It seems the problem is that WaitOnLock() is ignoring its own good
advice, assuming that it can do cleanup work after waiting.
        regards, tom lane


Re: and waiting

От
"Gurjeet Singh"
Дата:
The situation seems pretty bad!!

Here are the steps to reproduce in 'PostgreSQL 8.3beta2 on x86_64-unknown-linux-gnu, compiled by GCC gcc (GCC) 3.3.3 (SuSE Linux)':

session 1: begin;
session 1: update test set a = 112 where a = 112;
session 2: update test set a = 113 where a = 112; --waits
session 1: select * from pg_stat_activity; -- executed this a few times before executing 'select version()' and then following:
session 1: <stat query1> -- see end of mail for this query

 procpid |             current_query              | waiting |     duration     |         backend_start
---------+----------------------------------------+---------+------------------+-------------------------------
   12577 | update test set a = 113 where a = 112; | t       | -00:01:35.782881 | 2008-02-01 13:36:15.31027-08
   11975 | select * from pg_stat_activity ;       | f       | -00:01:52.554697 | 2008-02-01 13:30:40.396392-08
(2 rows)

session 1: select * from pg_locks

   locktype    | database | relation | page | tuple | virtualxid | transactionid | classid | objid | objsubid | virtualtransaction |  pid  |       mode       | granted

---------------+----------+----------+------+-------+------------+---------------+---------+-------+----------+---------------
-----+-------+------------------+---------
 transactionid |          |          |      |       |            |           390 |         |       |          | 2/14     | 12577 | ShareLock        | f

 transactionid |          |          |      |       |            |           390 |         |       |          | 1/9     | 11975 | ExclusiveLock    | t
<snip irrelevant>

Then,
session 2: ^C
Cancel request sent
ERROR:  canceling statement due to user request

session1: <stat query1>

 procpid |             current_query              | waiting |     duration     |         backend_start

---------+----------------------------------------+---------+------------------+-------------------------------
   12577 | update test set a = 113 where a = 112; | t       | -00:01:35.782881 | 2008-02-01 13:36:15.31027-08
   11975 | select * from pg_stat_activity ;       | f       | -00:01:52.554697 | 2008-02-01 13:30:40.396392-08
(2 rows)

session 1: select * from pg_locks ;

<no traces of pid 12577>

session 1: select pg_backend_pid();

 pg_backend_pid
----------------
          11975

The last mentioned output of <stat query> shows session 1 executing 'select * from p_s_a', whereas the <stat query> _is_ being executed in session 1!!! This result is consistently returned for a while, and later...

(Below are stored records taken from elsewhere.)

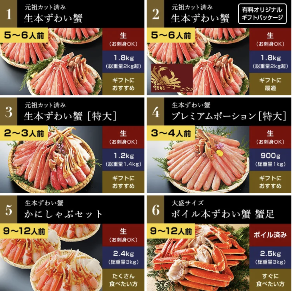 年間10万箱以上を販売する大人気商品「元祖カット済生ズワイガニ」をはじめ、カニ専門店として長年培ってきた目利きで、良質なカニを多数取り揃えています。
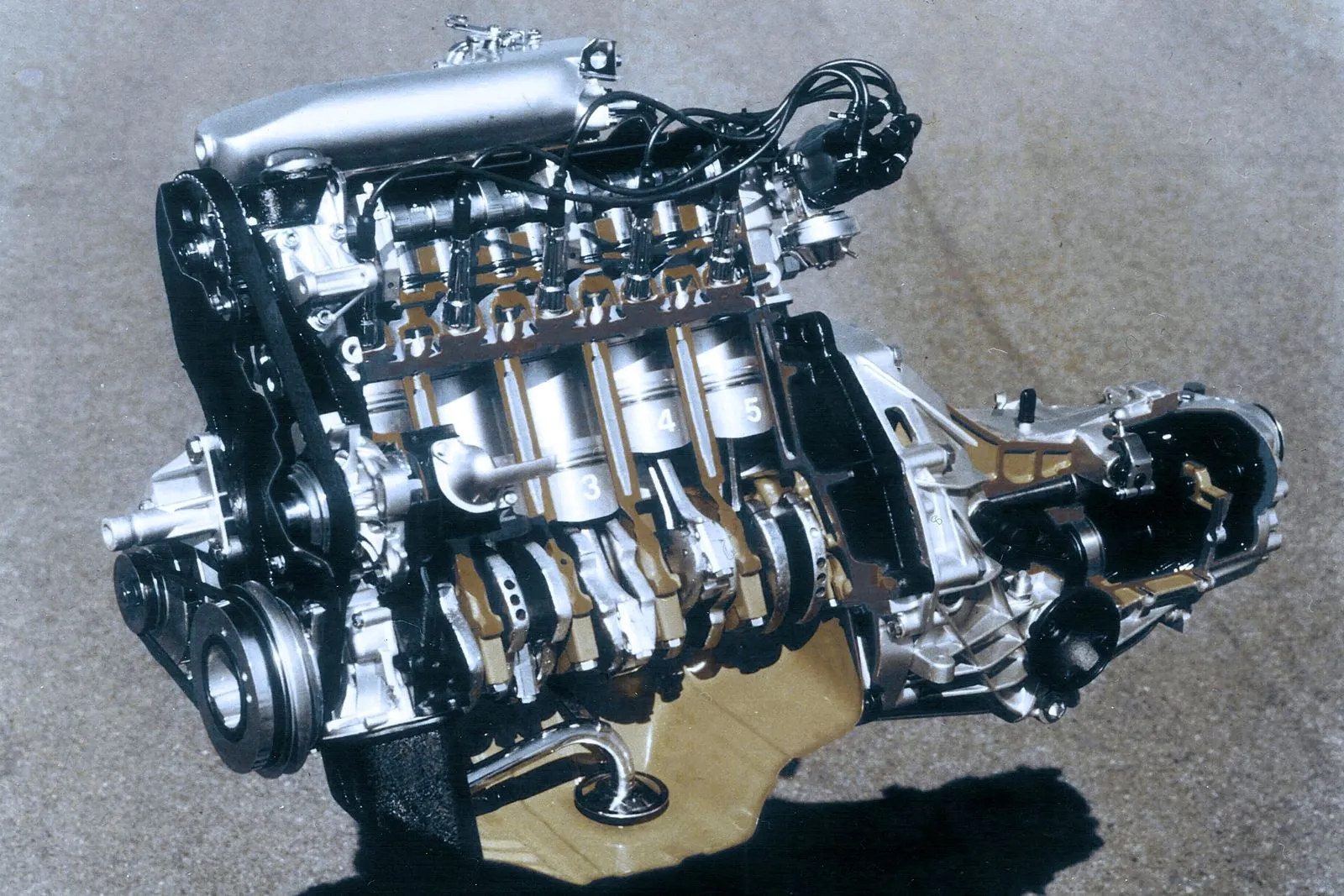 Η ιδέα ενός εξακύλινδρου εν σειρά απορρίφθηκε γρήγορα λόγω περιορισμένου χώρου και δυσμενούς κατανομής βάρους. Έτσι, η επιλογή στράφηκε προς τον εν σειρά πεντακύλινδρο κινητήρα, ο οποίος βασίστηκε στη φιλοσοφία του τότε υπό ανάπτυξη EA 827. Η συγκεκριμένη αρχιτεκτονική, αρχικά τετρακύλινδρη, είχε ήδη βρει εφαρμογή σε πολλά μοντέλα του Ομίλου Volkswagen τη δεκαετία του ’70, μεταξύ αυτών και στα Audi 80 και Audi 100, αποτελώντας το υπόβαθρο για έναν από τους πιο εμβληματικούς κινητήρες στην ιστορία της εταιρείας.
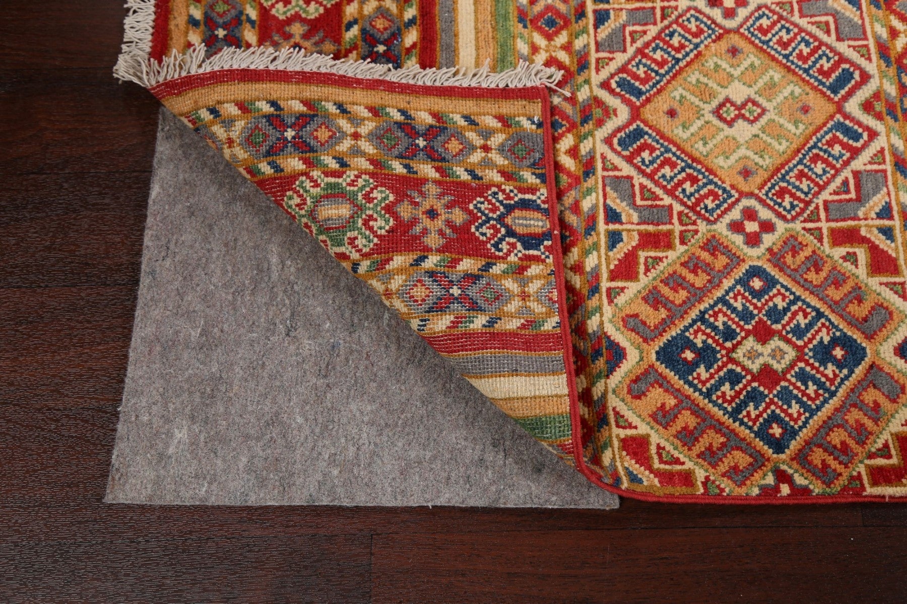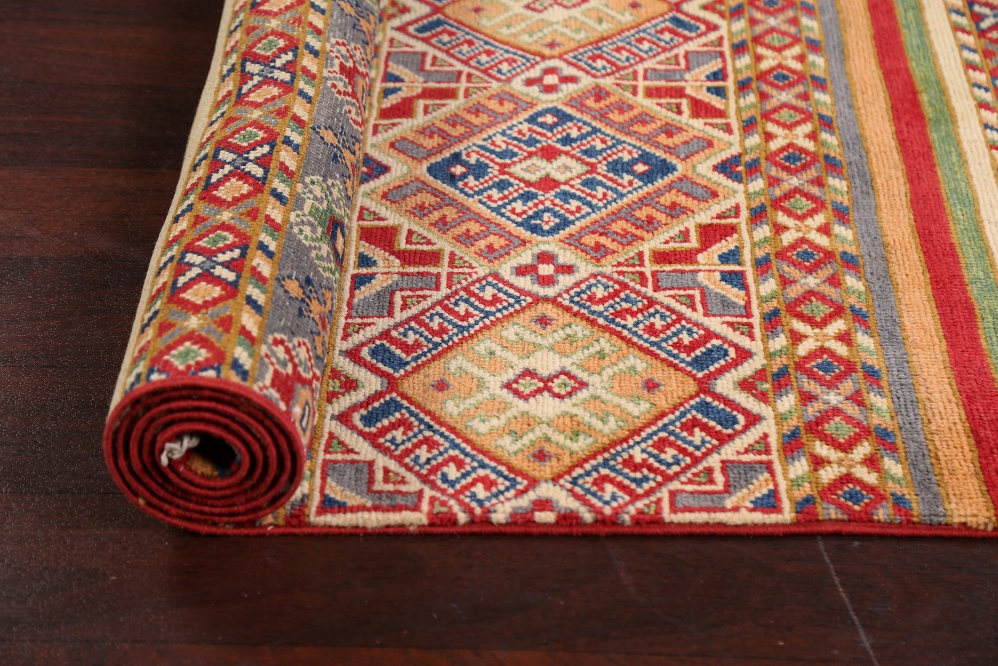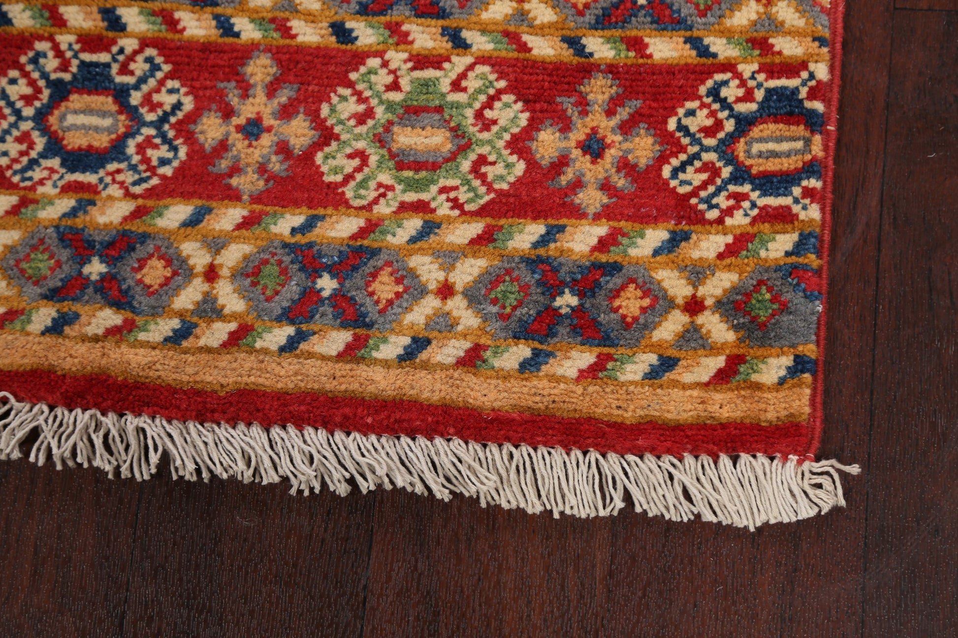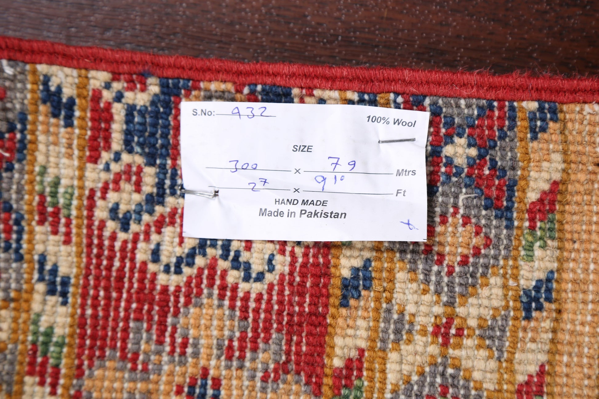 A Beautiful Genuine Pakistan Kazak rug is Hand Knotted by skillful weavers in Pakistan with 100% Wool Material. This rug is in New, First Quality condition. dimensions are 9' 10'' X 2' 7'' in foot and 300 X 79 in centimeter. the primary color is Multi-Colored.
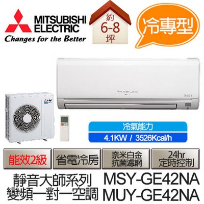 刷卡滿額禮! 超熱銷的【MITSUBISHI 三菱】靜音大師★6-8坪冷專變頻一對一(MSY-GE42NA-MUY-GE42NA)也太讚了
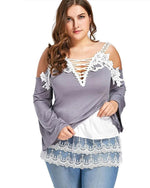 V-neck lace long-sleeve top
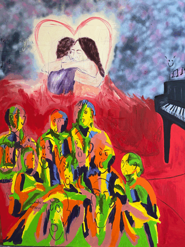 ما در چه دنیایی زندگی میکنیم؟ چه چیزی واقعیتمان، ترسها و نگرانیهایمان را تعریف میکند؟ با این حال، چقدر آزادیم؟ بهنظر تعداد نامشخصی از قضات همراهمان هستند تا از اعمالمان پرسش کنند. اما این عاملان نقد و قضاوت چه کسانی هستند؟ آنها بیهویت و درعینحال آگاهند. در هر گوشهای ما را دنبال میکنند و همیشه حاضر هستند. زمینههای رنگی درهمتنیده و تکرارشوندهی زرد، نارنجی، آبی و سبز، تجسم پیکر آنها و ابراز حالات چهرهشان است. این صورت ها تنها یک مشاهدهگر نیستند، گویی ازادی را در تفکر و عمل گرایی تحد تاثیر قرار داده اند. چه ان ها توسط توده ی جامعه ساخته و به ما تحمیل شده و چه زاده ذهنمان باشند، تبدیل به نقادان درونی ما میشوند، که ما ان را به صورت مرتب باز تولید و زنده نگه می داریم.
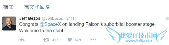 亚马逊CEO贝索斯在Twitter上对马斯克表示祝贺

session 2: select pg_backend_pid();

  pg_backend_pid

----------------
          12577

session 1: <stat query1>

 procpid |     current_query     | waiting |    duration     |         backend_start
---------+-----------------------+---------+-----------------+-------------------------------
   11975 | <IDLE> in transaction | f       | 00:06:08.671029 | 2008-02-01 13:30:40.396392-08
(1 row)

After a while again:

session 1: <stat query2> -- notice 2 not 1; 'select *' comes back to haunt!!!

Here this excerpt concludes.